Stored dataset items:
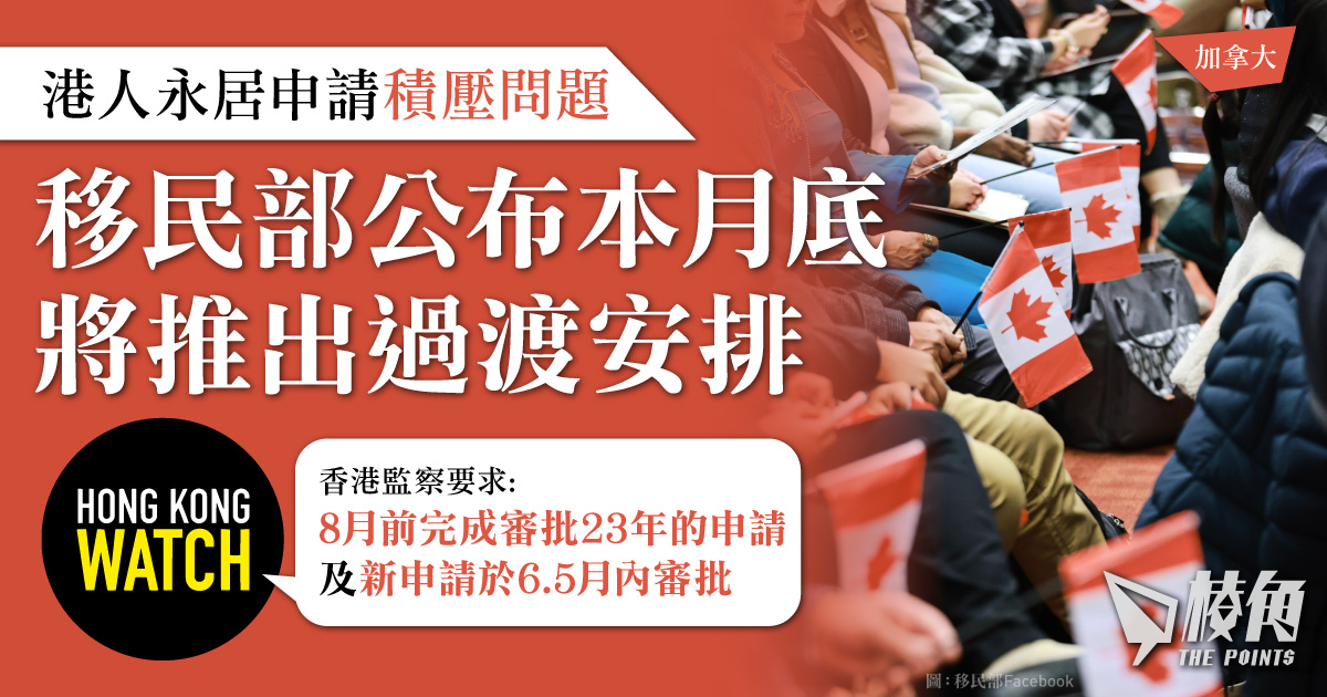 近月不少在加港人反映,向移民部提交的永久居民身份申請有嚴重積壓情況,不少申請者等侯逾年仍未獲批,更有部份申請者遇上本來的簽證到期的困境。經過多個關注團體及各黨派議員連日爭取及溝通,移民部周二公布,將於本月27日起接受提出延長簽證的申請。長期關注情況的香港監察,就要求當局於2個月內,即8月前完成處理所有於2023年提出的申請,及於6個半月內完成對新申請的批核。另外港加聯及溫支聯亦呼籲情況較緊急的港人聯絡。
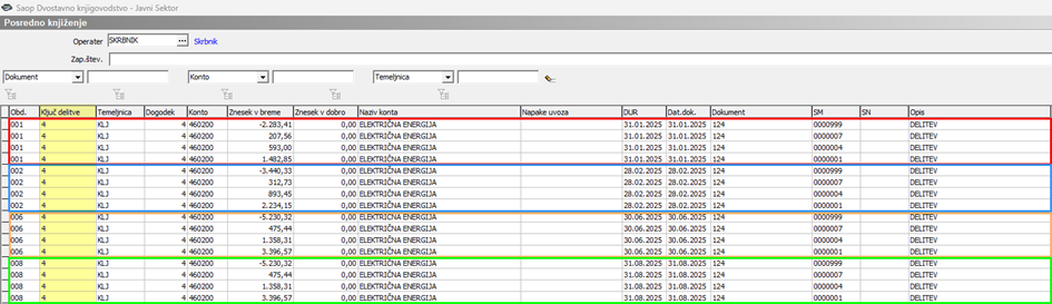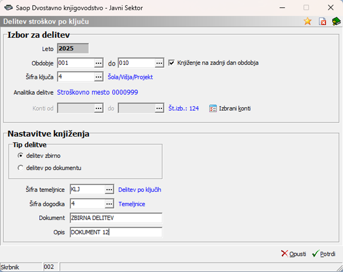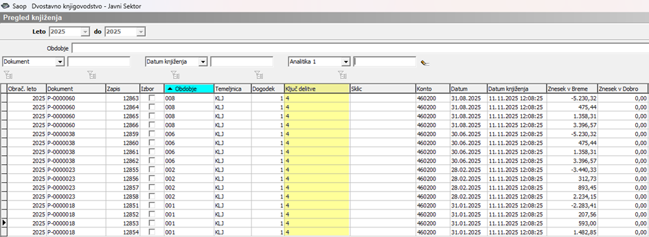 Program je v izbranih obdobjih za vsak dokument, ki je v glavni knjigi knjižen na analitiko delitve (stroškovno mesto 0000999), pripravil storno knjižbo na izbranih kontih. Za vsak dokument je hkrati pripravil vknjižbe delitev po izbranem ključu 4. Ključ delitve je zapisan na knjižbah in je kasneje viden na Pregledi kartice ali Pregledu knjiženja.
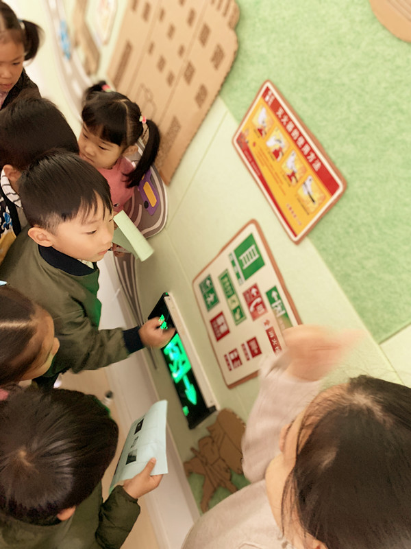 如果发生了火灾,该怎么逃生呢?瞧!老师带我们认识了安全出口、警报器、还有逃生路线。
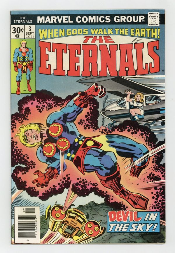 "The Devil in New York!" Written by Jack Kirby. Pencils by Jack Kirby. Inks by John Verpoorten. The hidden chapters in the history of man are quickly being revealed. The Celestials have returned! Untouched for thousand years, a large crypt in an Incan ruin has discharged a living flight crew. As Margo's head spins from all the fantastic sights she has seen, sights no mortal before has seen, Ikaris introduces her to the fabulous Eternal beauty known as Sersi. Meanwhile, if the gods haves returned, can the monsters be far behind. The beastly Deviants, the sworn enemy of the Eternals and mankind, prepare to attack! Notes: 1st appearance of Sersi. Letter to the editor from comics writer Ralph Macchio. Cover price $0.30. Grade: FN+ 6.5 explanation of grade Condition: Used (collectible)
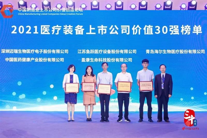 7月29日-31日,由中国设备管理协会、机械工业经济管理研究院与青岛市人民政府联合主办的“第七届中国制造业上市公司价值500强大会暨高端医疗器械与健康产业数字化创新日”活动在青岛举办,盈康一生旗下海尔生物同时上榜“年度中国制造业上市公司价值500强”与“年度中国医疗装备上市公司价值30强”,旗下盈康生命上榜“年度中国医疗装备上市公司价值30强”。
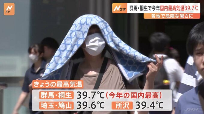 きょうは東日本と西日本の広い範囲で気温35度以上の猛暑日となり、特に関東地方では群馬県内で今年の最高気温の1位の値を更新し、40度に迫る危険な暑さとなっています。記者「JR大宮駅前です。午後2時現在、手元の…
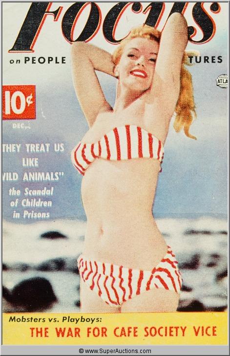 Color Transparency Slide of Marilyn Monroe who was featured as the Cover Girl on the cover of Focus Magazine. It is a transparency from a picture taken of the actual publication.
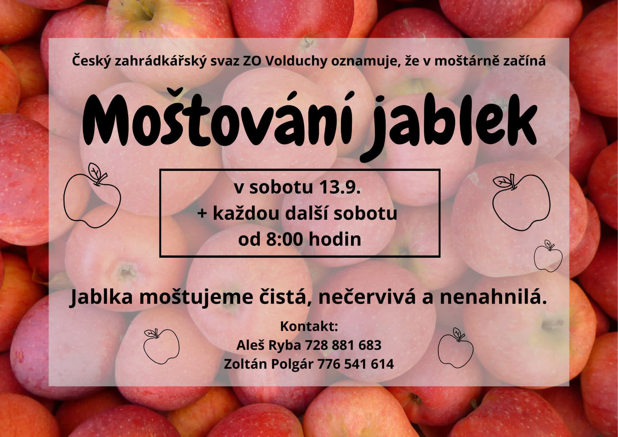 Český zahrádkářský svaz ZO Volduchy oznamuje, že v moštárně ve Volduchách začíná v sobotu 13.9.2025 od 8.00 hodin moštování jablek. Moštování bude od tohoto termínu probíhat vždy každou sobotu od 8.00 hodin - ukončení moštování bude oznámeno.
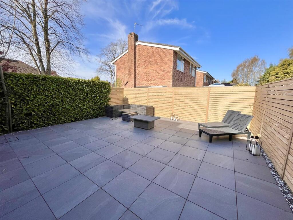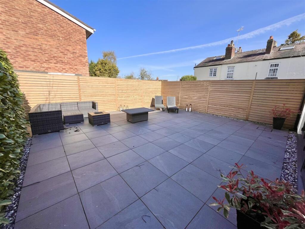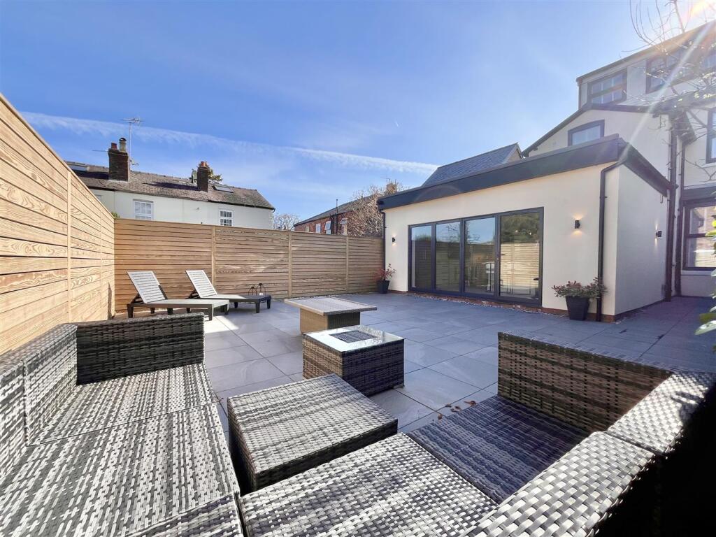 The property includes a sizable, paved patio area, ideal for outdoor entertaining. While the plot size is listed as 0.00 sqft, the images clearly show a substantial outdoor space. This adds considerable value to the property, especially in a desirable area like Alderley Edge.
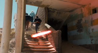 But hey, that’s one of the problems with producing a script like this. You can talk up the planet’s pitfalls and terrors all you like but the budget is the budget. We get a great looking landscape, an eerie empty structure, some robots and the aforementioned (quite creepy when they shut up) CGI bandages. “Toxic water” is conveniently cheap – take regular water, sayit’s toxic, then nobody is stupid enough to get in it – the “toxic atmosphere” is mentioned but never seems to be an issue, apart from some apparently isolated acetylene fields. As for “killing machines and creatures inhabiting every corner,” ehh, no. Stay out of the robots’ way and don’t go to sleep next to some rags and you’re pretty safe. No one even gets thirsty or hungry en route. Several naps are had. Wake up! This is supposed to be exciting!
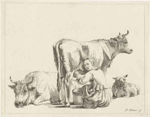 Editor: This drawing, "Vrouw die een geit melkt," or "Woman Milking a Goat," by Jean Bernard, made sometime between 1775 and 1833, is a simple pencil sketch, but it feels surprisingly intimate. What do you see in this piece, in terms of how images connect us to history and culture? Curator: I see echoes of ancient pastoral scenes, a continuity of human interaction with animals and the land. Consider the goat: it's a complex symbol, linked to sustenance, but also to wild, untamed nature. Notice how the woman's posture suggests both vulnerability and authority. It reflects a traditional female role, of course, but what other visual cues speak to deeper meanings for you? Editor: The way the light falls, almost romantic, it feels staged, like a genre scene, but her downcast gaze is anything but glamorous. Curator: Exactly. That contrast speaks volumes. The "everydayness" is carefully constructed. Are there classical memories woven into the idealized landscapes? What does it mean to idealize agricultural labour in the 18th and 19th centuries? Editor: So, even a seemingly simple sketch can hold layers of cultural and psychological weight? I hadn't considered that. Curator: Absolutely. These images are rarely simple. They resonate across time because they touch upon fundamental aspects of the human experience. Always ask yourself, what memories, stories, and beliefs does this image awaken? Editor: It's fascinating to think of how seemingly ordinary images connect us to broader cultural narratives. I'll definitely be looking at art differently from now on! Curator: Indeed! Recognizing these subtle connections helps us engage more deeply with the artwork and its enduring cultural power.
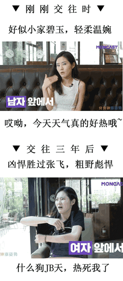 韩国网友亲身示范刚交往时和交往三年之后的区别,你也终于知道人生不易全靠演技。
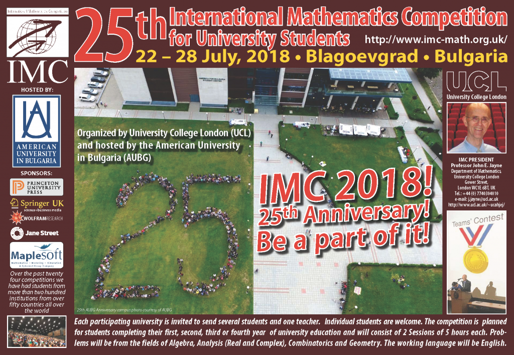 Το ‘International Mathematics Competition’, είναι ο μεγαλύτερος παγκόσμιος μαθηματικός διαγωνισμός για φοιτητές και οργανώνεται από το University College London.

*EXERCISE*
Where an entry contains an image, skip the image and write out the rest exactly.

*TASK OUTPUT*
 近月不少在加港人反映,向移民部提交的永久居民身份申請有嚴重積壓情況,不少申請者等侯逾年仍未獲批,更有部份申請者遇上本來的簽證到期的困境。經過多個關注團體及各黨派議員連日爭取及溝通,移民部周二公布,將於本月27日起接受提出延長簽證的申請。長期關注情況的香港監察,就要求當局於2個月內,即8月前完成處理所有於2023年提出的申請,及於6個半月內完成對新申請的批核。另外港加聯及溫支聯亦呼籲情況較緊急的港人聯絡。
 Program je v izbranih obdobjih za vsak dokument, ki je v glavni knjigi knjižen na analitiko delitve (stroškovno mesto 0000999), pripravil storno knjižbo na izbranih kontih. Za vsak dokument je hkrati pripravil vknjižbe delitev po izbranem ključu 4. Ključ delitve je zapisan na knjižbah in je kasneje viden na Pregledi kartice ali Pregledu knjiženja.
 如果发生了火灾,该怎么逃生呢?瞧!老师带我们认识了安全出口、警报器、还有逃生路线。
 "The Devil in New York!" Written by Jack Kirby. Pencils by Jack Kirby. Inks by John Verpoorten. The hidden chapters in the history of man are quickly being revealed. The Celestials have returned! Untouched for thousand years, a large crypt in an Incan ruin has discharged a living flight crew. As Margo's head spins from all the fantastic sights she has seen, sights no mortal before has seen, Ikaris introduces her to the fabulous Eternal beauty known as Sersi. Meanwhile, if the gods haves returned, can the monsters be far behind. The beastly Deviants, the sworn enemy of the Eternals and mankind, prepare to attack! Notes: 1st appearance of Sersi. Letter to the editor from comics writer Ralph Macchio. Cover price $0.30. Grade: FN+ 6.5 explanation of grade Condition: Used (collectible)
 7月29日-31日,由中国设备管理协会、机械工业经济管理研究院与青岛市人民政府联合主办的“第七届中国制造业上市公司价值500强大会暨高端医疗器械与健康产业数字化创新日”活动在青岛举办,盈康一生旗下海尔生物同时上榜“年度中国制造业上市公司价值500强”与“年度中国医疗装备上市公司价值30强”,旗下盈康生命上榜“年度中国医疗装备上市公司价值30强”。
 きょうは東日本と西日本の広い範囲で気温35度以上の猛暑日となり、特に関東地方では群馬県内で今年の最高気温の1位の値を更新し、40度に迫る危険な暑さとなっています。記者「JR大宮駅前です。午後2時現在、手元の…
 Color Transparency Slide of Marilyn Monroe who was featured as the Cover Girl on the cover of Focus Magazine. It is a transparency from a picture taken of the actual publication.
 Český zahrádkářský svaz ZO Volduchy oznamuje, že v moštárně ve Volduchách začíná v sobotu 13.9.2025 od 8.00 hodin moštování jablek. Moštování bude od tohoto termínu probíhat vždy každou sobotu od 8.00 hodin - ukončení moštování bude oznámeno.
 The property includes a sizable, paved patio area, ideal for outdoor entertaining. While the plot size is listed as 0.00 sqft, the images clearly show a substantial outdoor space. This adds considerable value to the property, especially in a desirable area like Alderley Edge.
 But hey, that’s one of the problems with producing a script like this. You can talk up the planet’s pitfalls and terrors all you like but the budget is the budget. We get a great looking landscape, an eerie empty structure, some robots and the aforementioned (quite creepy when they shut up) CGI bandages. “Toxic water” is conveniently cheap – take regular water, sayit’s toxic, then nobody is stupid enough to get in it – the “toxic atmosphere” is mentioned but never seems to be an issue, apart from some apparently isolated acetylene fields. As for “killing machines and creatures inhabiting every corner,” ehh, no. Stay out of the robots’ way and don’t go to sleep next to some rags and you’re pretty safe. No one even gets thirsty or hungry en route. Several naps are had. Wake up! This is supposed to be exciting!
 Editor: This drawing, "Vrouw die een geit melkt," or "Woman Milking a Goat," by Jean Bernard, made sometime between 1775 and 1833, is a simple pencil sketch, but it feels surprisingly intimate. What do you see in this piece, in terms of how images connect us to history and culture? Curator: I see echoes of ancient pastoral scenes, a continuity of human interaction with animals and the land. Consider the goat: it's a complex symbol, linked to sustenance, but also to wild, untamed nature. Notice how the woman's posture suggests both vulnerability and authority. It reflects a traditional female role, of course, but what other visual cues speak to deeper meanings for you? Editor: The way the light falls, almost romantic, it feels staged, like a genre scene, but her downcast gaze is anything but glamorous. Curator: Exactly. That contrast speaks volumes. The "everydayness" is carefully constructed. Are there classical memories woven into the idealized landscapes? What does it mean to idealize agricultural labour in the 18th and 19th centuries? Editor: So, even a seemingly simple sketch can hold layers of cultural and psychological weight? I hadn't considered that. Curator: Absolutely. These images are rarely simple. They resonate across time because they touch upon fundamental aspects of the human experience. Always ask yourself, what memories, stories, and beliefs does this image awaken? Editor: It's fascinating to think of how seemingly ordinary images connect us to broader cultural narratives. I'll definitely be looking at art differently from now on! Curator: Indeed! Recognizing these subtle connections helps us engage more deeply with the artwork and its enduring cultural power.
 韩国网友亲身示范刚交往时和交往三年之后的区别,你也终于知道人生不易全靠演技。
 Το ‘International Mathematics Competition’, είναι ο μεγαλύτερος παγκόσμιος μαθηματικός διαγωνισμός για φοιτητές και οργανώνεται από το University College London.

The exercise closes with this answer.